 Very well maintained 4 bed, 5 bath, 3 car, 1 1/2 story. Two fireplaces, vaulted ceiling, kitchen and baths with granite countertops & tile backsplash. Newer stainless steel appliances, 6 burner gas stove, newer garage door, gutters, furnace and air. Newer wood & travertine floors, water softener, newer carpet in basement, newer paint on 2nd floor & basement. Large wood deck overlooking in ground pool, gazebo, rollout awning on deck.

★ ★ ★ ★

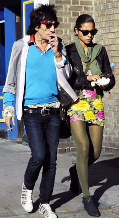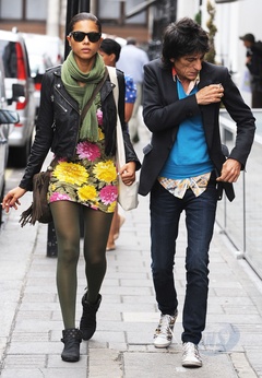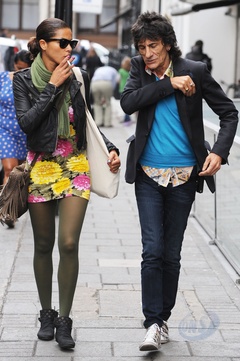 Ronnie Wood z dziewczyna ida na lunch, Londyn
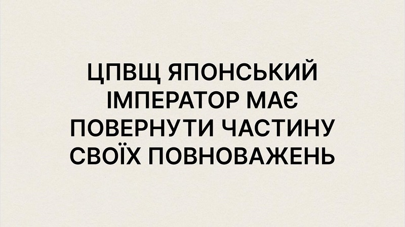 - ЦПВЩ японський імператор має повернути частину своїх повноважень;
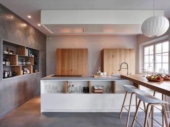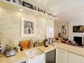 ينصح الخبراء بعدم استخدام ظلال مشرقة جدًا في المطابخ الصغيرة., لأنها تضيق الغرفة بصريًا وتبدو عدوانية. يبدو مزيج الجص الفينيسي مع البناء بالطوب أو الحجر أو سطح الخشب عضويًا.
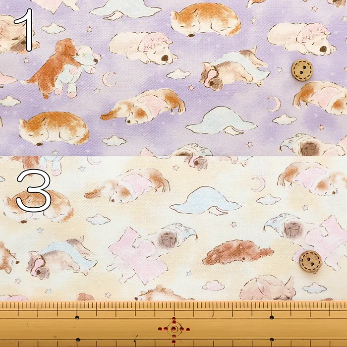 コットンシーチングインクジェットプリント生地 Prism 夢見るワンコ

★ ★ ★ ★

= Work instruction =
Return exactly the lines of the material above, starting at the line containing "ينصح الخبراء بعدم" and finishing at the line containing "コットンシーチングインクジェットプリント生地 Prism 夢見るワンコ", without any pictures.

= Answer for this exercise =
 ينصح الخبراء بعدم استخدام ظلال مشرقة جدًا في المطابخ الصغيرة., لأنها تضيق الغرفة بصريًا وتبدو عدوانية. يبدو مزيج الجص الفينيسي مع البناء بالطوب أو الحجر أو سطح الخشب عضويًا.
 コットンシーチングインクジェットプリント生地 Prism 夢見るワンコ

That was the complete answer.